Simmons told the Herald that the CCP’s deployment in Cuba three decades ago came immediately following the collapse of the Soviet Union and came at a time when Beijing was not considered any kind of international adversary or superpower (in 1990, mainland China had a smaller economy than the city of Tokyo).

“But the conventional wisdom was that China just seized the political opportunity because of the collapse of the Soviet Union. That was the simplified D.C. logic. We could see the ships going in and the weapons coming off. But for the most part, Washington didn’t want to ask the hard questions,” Simmons added as a caveat.

National Security Council spokeswoman Kate Waters declined to confirm Simmons’ version of events in comments to the Herald, but hinted that the deployment of Chinese infrastructure in Cuba was not exactly new.

“There also seems to be a mix-up here because the Administration’s position has not been that this is a recent development, though there has been some misreporting that has suggested that,” Waters said.

Decades of pattern analysis

Elaborating on what a signal intelligence facility is capable of, Simmons painted a far more concerning picture of its significance as compared with the Chinese spy balloon, which was apparently built with commercially available made in America parts, according to recent reports.

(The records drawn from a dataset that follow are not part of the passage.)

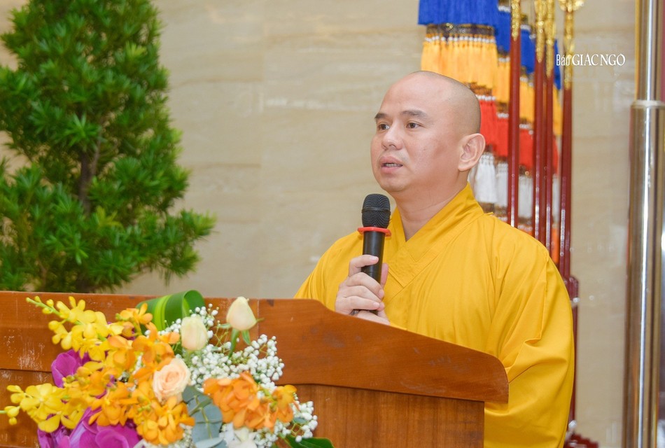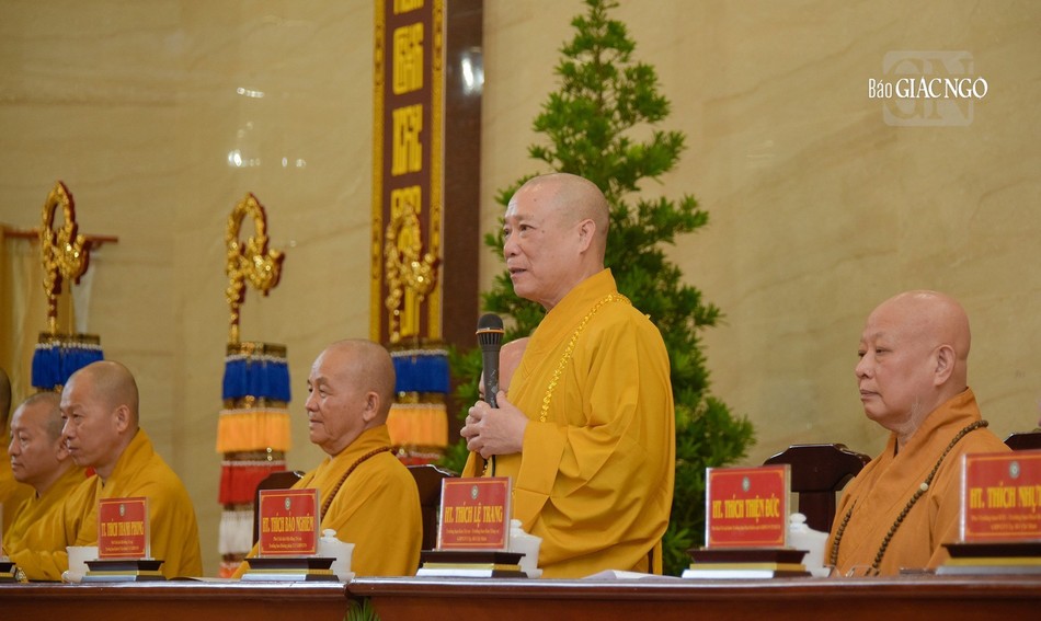 Phát biểu chào mừng, Hòa thượng Thích Lệ Trang bày tỏ niềm hoan hỷ khi Phật giáo TP.HCM được đón tiếp phái đoàn Ban Hoằng pháp T.Ư và Ban Kinh tế - Tài chánh T.Ư đến Việt Nam Quốc Tự thăm chư hành giả, cúng dường an cư và sách tấn Tăng Ni, Phật tử Thành phố phương Nam.
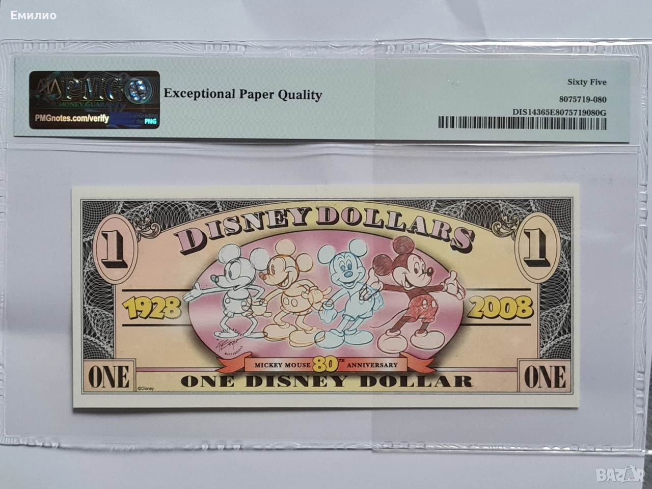 Един Дисни Долар от 2008 год. Банкнотата е Сертифицирана от PMG с оценка 65
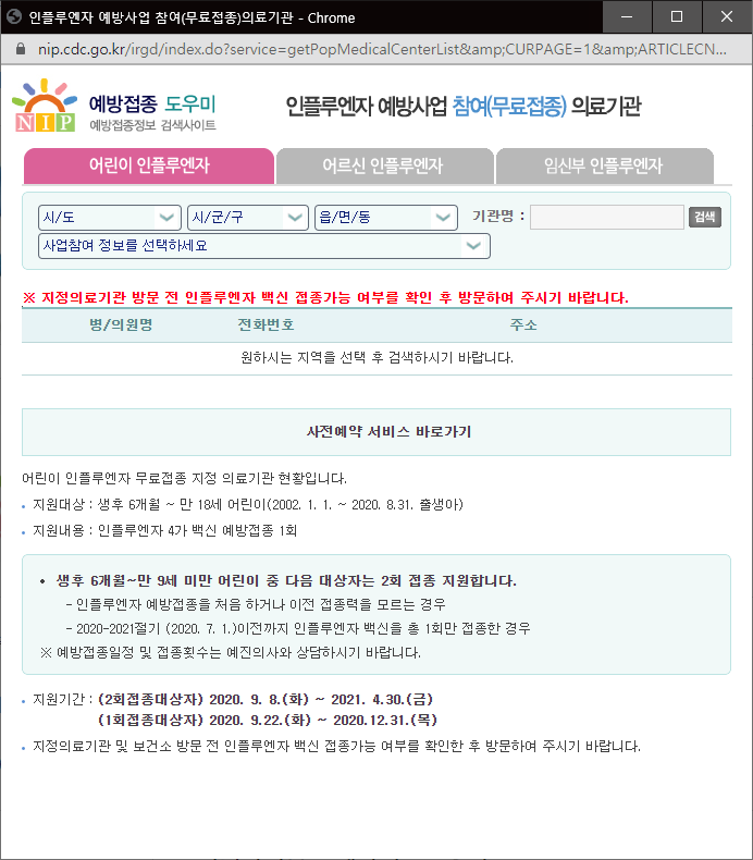 질병관리본부의 예방접종 도우미 누리집에 접속하면 인플루엔자 예방사업 참여(무료접종) 의료기관을 검색할 수 있는 팝업 창이 떠요. 예약 및 방문 전에 미리 확인해보는 것이 좋습니다.
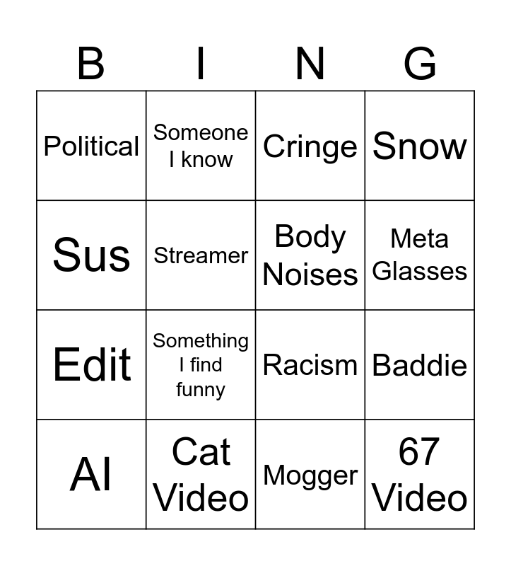 This bingo card has 16 words: Cat Video, Baddie, Cringe, Political, Edit, Someone I know, Racism, Mogger, Sus, Streamer, AI, Snow, Something I find funny, Meta Glasses, Body Noises and 67 Video.
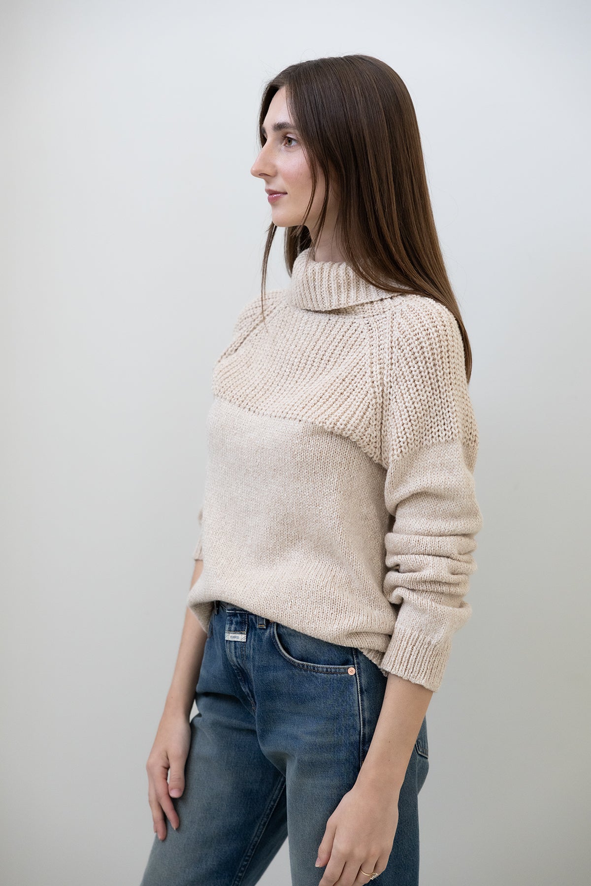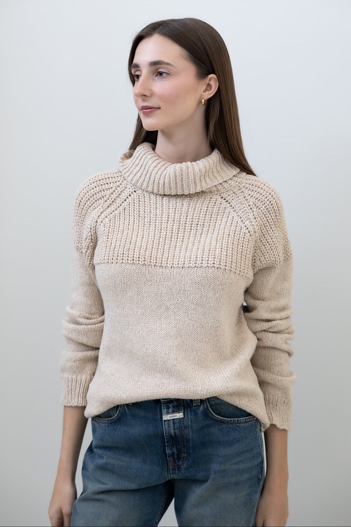 This turtleneck sweater is knitted from soft baby alpaca and cotton yarn. Chunky rib details in the shoulder area and ribbed cuffs. Light-weight knit
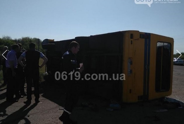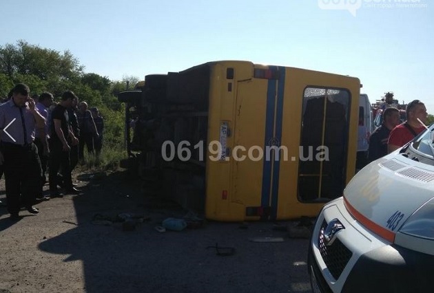 По данным сайта 0619.com.ua, который ссылается на очевидцев, перед микроавтобусом на знаке "Стоп" остановилась фура. Водитель пошел на обгон и на высокой скорости врезался в пассажирский автобус. Из-за столкновения автобус перевернулся. Судя по фото с места происшествия, микроавтобус поврежден не сильно.
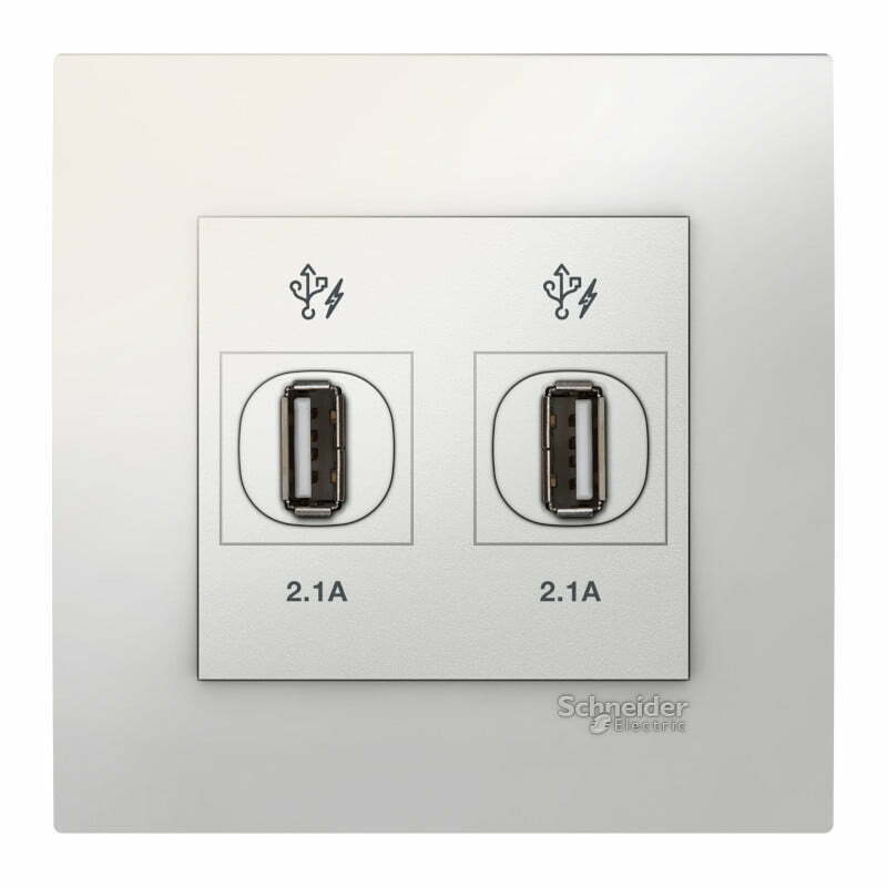 Bộ ổ cắm sạc USB Vivace đôi 2.1A màu trắng Schneider KB32USB_WE_G19
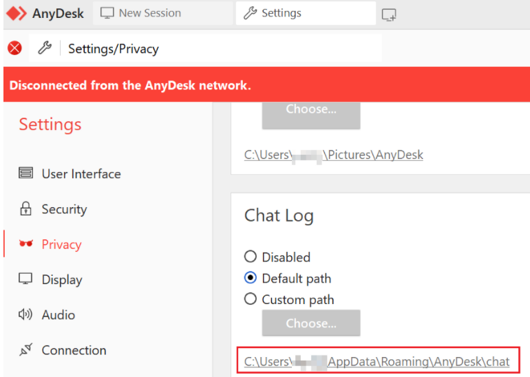 "C:\Users\<user>\AppData\Roaming\AnyDesk\chat\") were assigned with
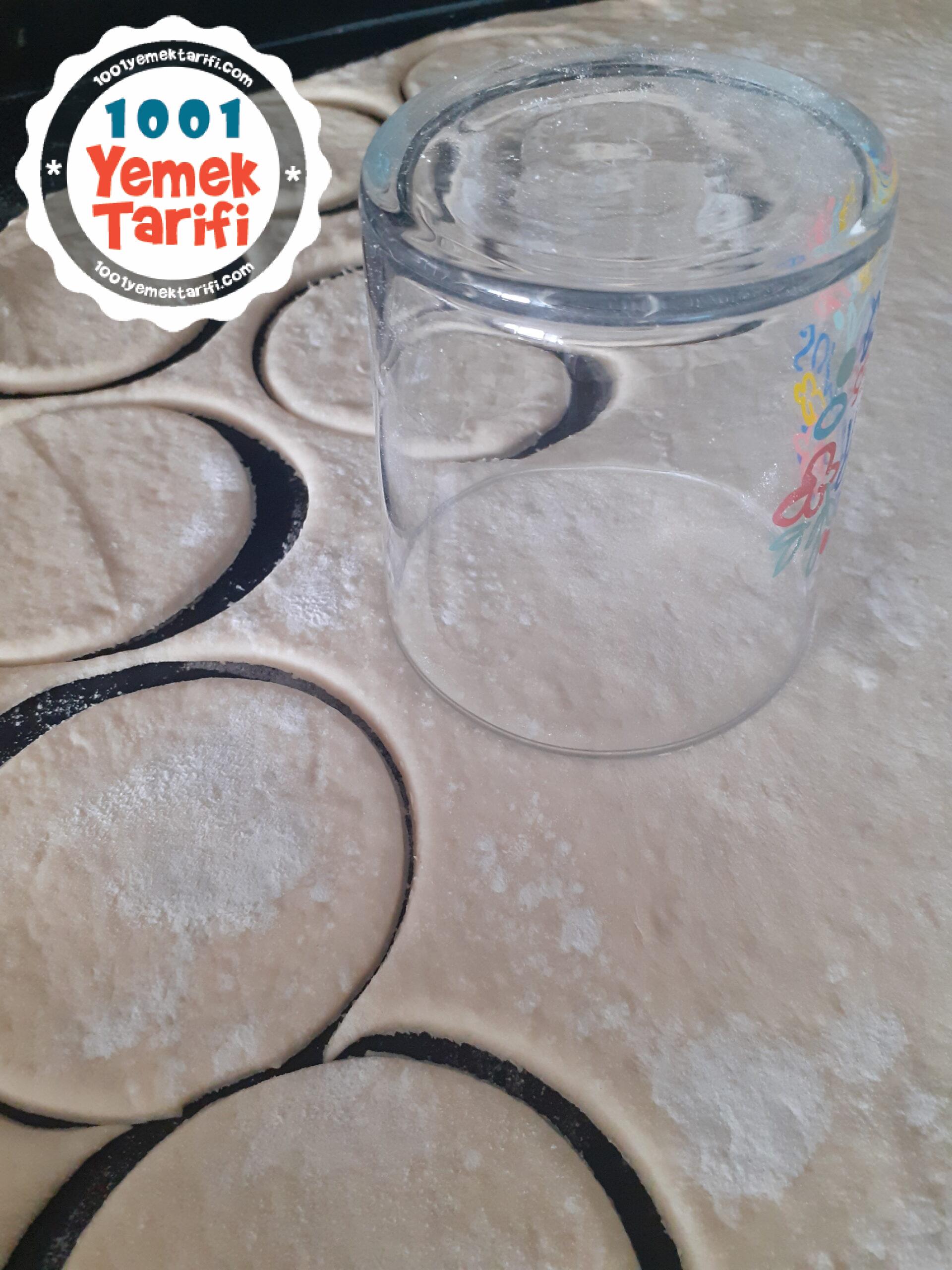 - Hamurumuzu açıyoruz ve istediğiniz ebatta bir bardağın ağız kısmıyla kesip şekil veriyoruz.
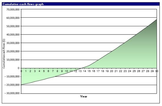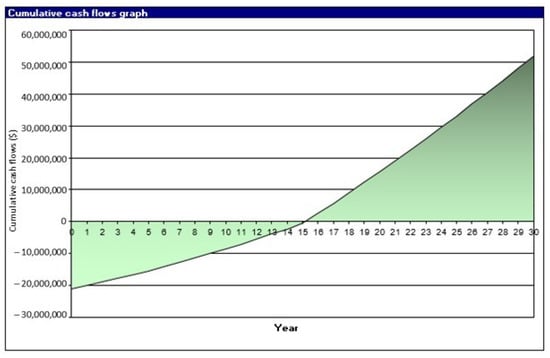 The two incomes add up to an annual total of USD 2,952,964. The project starts to be profitable after year 15. After that, some profits greatly exceed the annual costs, as shown in Figure 7.

Simmons said that Cuba is “amazingly proficient at what we call pattern analysis.”

The relevance is, that because Cuba is so close to America, “They triage who the important numbers are, and they can tell you that Chris Simmons, on average, makes three phone calls to this number for the CIA.”

“So they don’t know what I’m saying, but just the pattern tells them who I’m operating with and what’s normal for me,” he added.

Cuba — and the area the CCP’s intelligence assets are reportedly operating out of —  is about 100 miles from Florida, a distance comparable to that between Taiwan and mainland China.

During the Cold War, the U.S. Air Force made use of the Ching Chuan Kang air base on Taiwan, then commonly considered “Free China” versus the communist mainland.

More recently, with tensions rising between Washington and the CCP under leader Xi Jinping, the U.S. has been deploying more military forces to Taiwan while high-ranking American officials meet with counterparts from the Republic of China, as Taiwan is officially known.

In December 2021, Voice of America noted that the U.S. doubled its forces stationed in the Republic. 

The official count had raised from 20 to 39 over the span of roughly 9 months.

And while that number is certainly small, “The escalation is subtle but unmistakable,” a military affairs consultant for a think tank told VOA.

By this February the U.S. was said to be deploying as many as 200 soldiers to Taiwan “in the coming months,” the Wall Street Journal reported at the time.

The deployment was for the purposes of “expand[ing] a training program the Pentagon has taken pains not to publicize as the U.S. works to provide Taipei with the capabilities it needs to defend itself without provoking Beijing,” authors summarized.